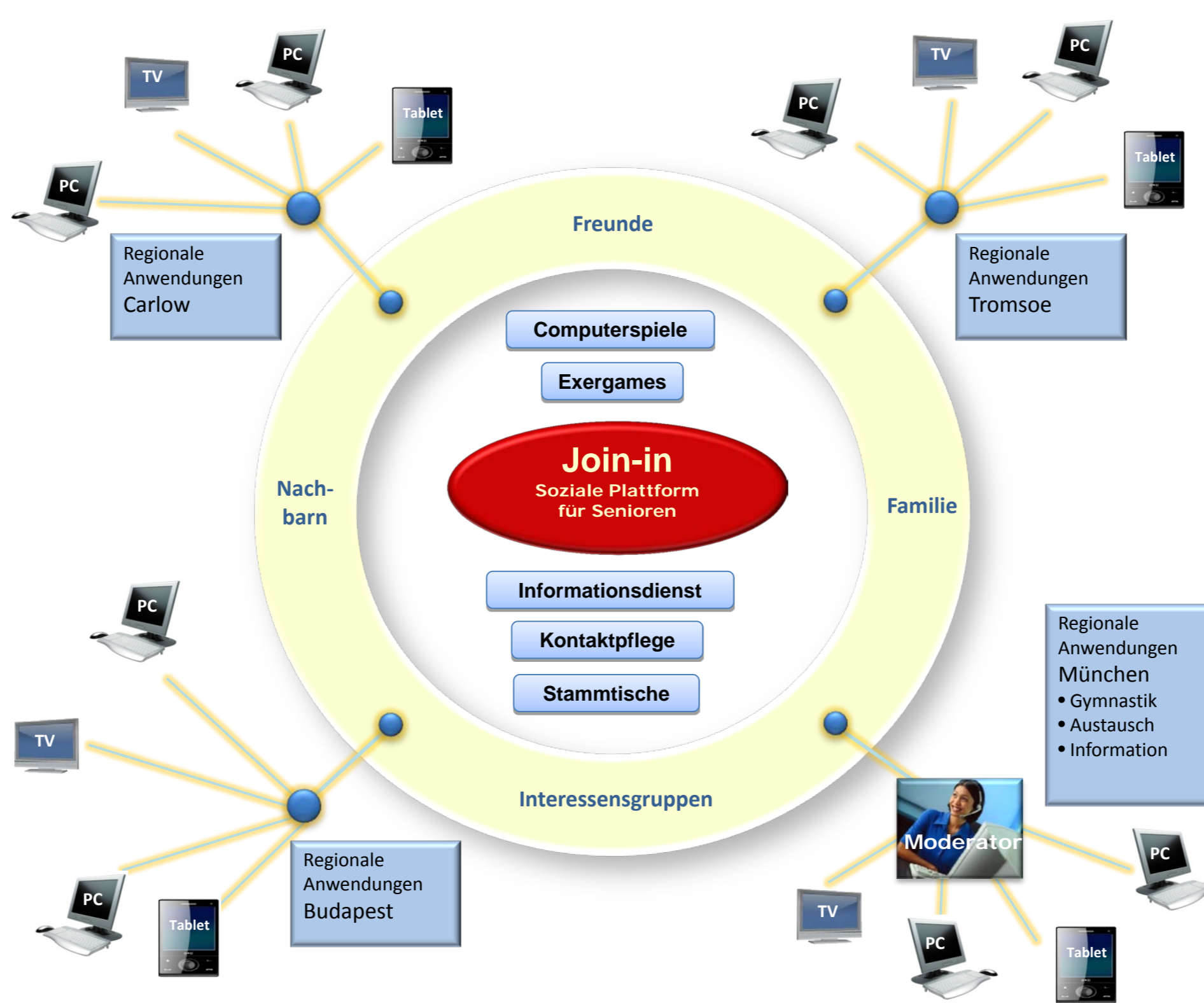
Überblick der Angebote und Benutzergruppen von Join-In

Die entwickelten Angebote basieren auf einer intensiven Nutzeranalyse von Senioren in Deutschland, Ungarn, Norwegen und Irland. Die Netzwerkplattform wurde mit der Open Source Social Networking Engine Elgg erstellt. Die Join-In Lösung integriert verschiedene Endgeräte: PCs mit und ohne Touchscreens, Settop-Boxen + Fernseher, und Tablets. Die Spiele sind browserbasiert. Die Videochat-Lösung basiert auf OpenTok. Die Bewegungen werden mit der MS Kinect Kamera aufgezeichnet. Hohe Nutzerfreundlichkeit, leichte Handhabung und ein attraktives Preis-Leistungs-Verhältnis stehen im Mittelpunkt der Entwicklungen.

--

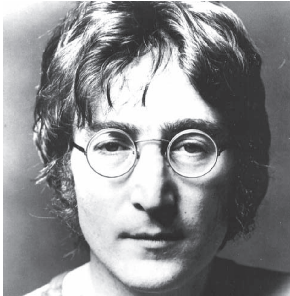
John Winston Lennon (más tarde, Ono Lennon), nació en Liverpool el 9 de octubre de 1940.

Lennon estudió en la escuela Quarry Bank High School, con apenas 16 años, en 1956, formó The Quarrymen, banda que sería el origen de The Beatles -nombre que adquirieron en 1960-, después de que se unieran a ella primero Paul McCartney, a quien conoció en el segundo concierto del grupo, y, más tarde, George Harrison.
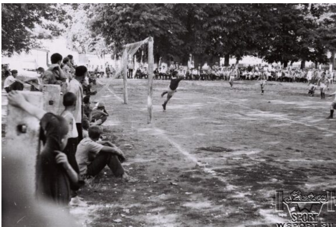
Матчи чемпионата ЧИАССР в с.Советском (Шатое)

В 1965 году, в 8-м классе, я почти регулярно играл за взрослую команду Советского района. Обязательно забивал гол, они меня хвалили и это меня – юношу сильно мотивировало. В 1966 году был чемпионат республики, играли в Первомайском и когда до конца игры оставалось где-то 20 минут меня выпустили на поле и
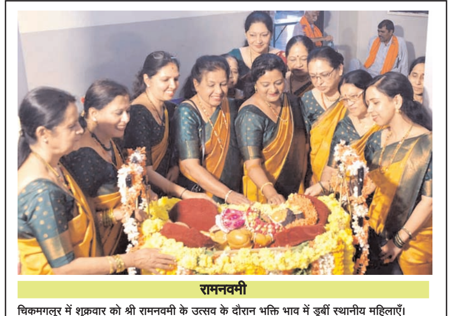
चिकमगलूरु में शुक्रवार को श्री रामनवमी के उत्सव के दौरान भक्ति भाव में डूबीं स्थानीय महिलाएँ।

==

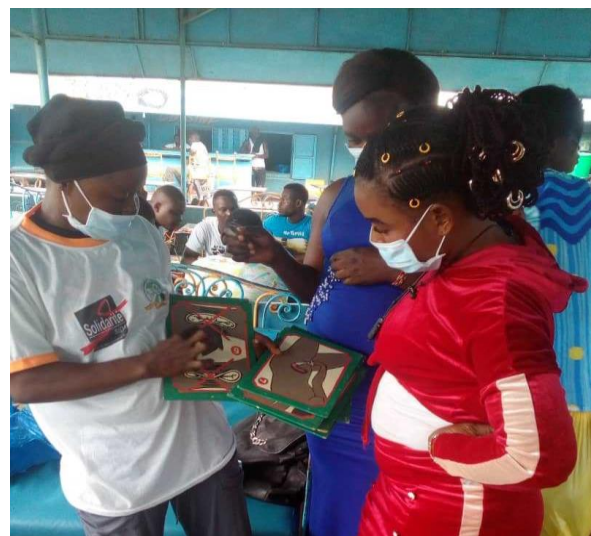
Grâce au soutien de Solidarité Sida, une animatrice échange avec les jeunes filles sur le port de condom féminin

-- What you should do --
Whenever a line in the entries holds the word "Lennon", copy that line.

-- Your response --
John Winston Lennon (más tarde, Ono Lennon), nació en Liverpool el 9 de octubre de 1940.
Lennon estudió en la escuela Quarry Bank High School, con apenas 16 años, en 1956, formó The Quarrymen, banda que sería el origen de The Beatles -nombre que adquirieron en 1960-, después de que se unieran a ella primero Paul McCartney, a quien conoció en el segundo concierto del grupo, y, más tarde, George Harrison.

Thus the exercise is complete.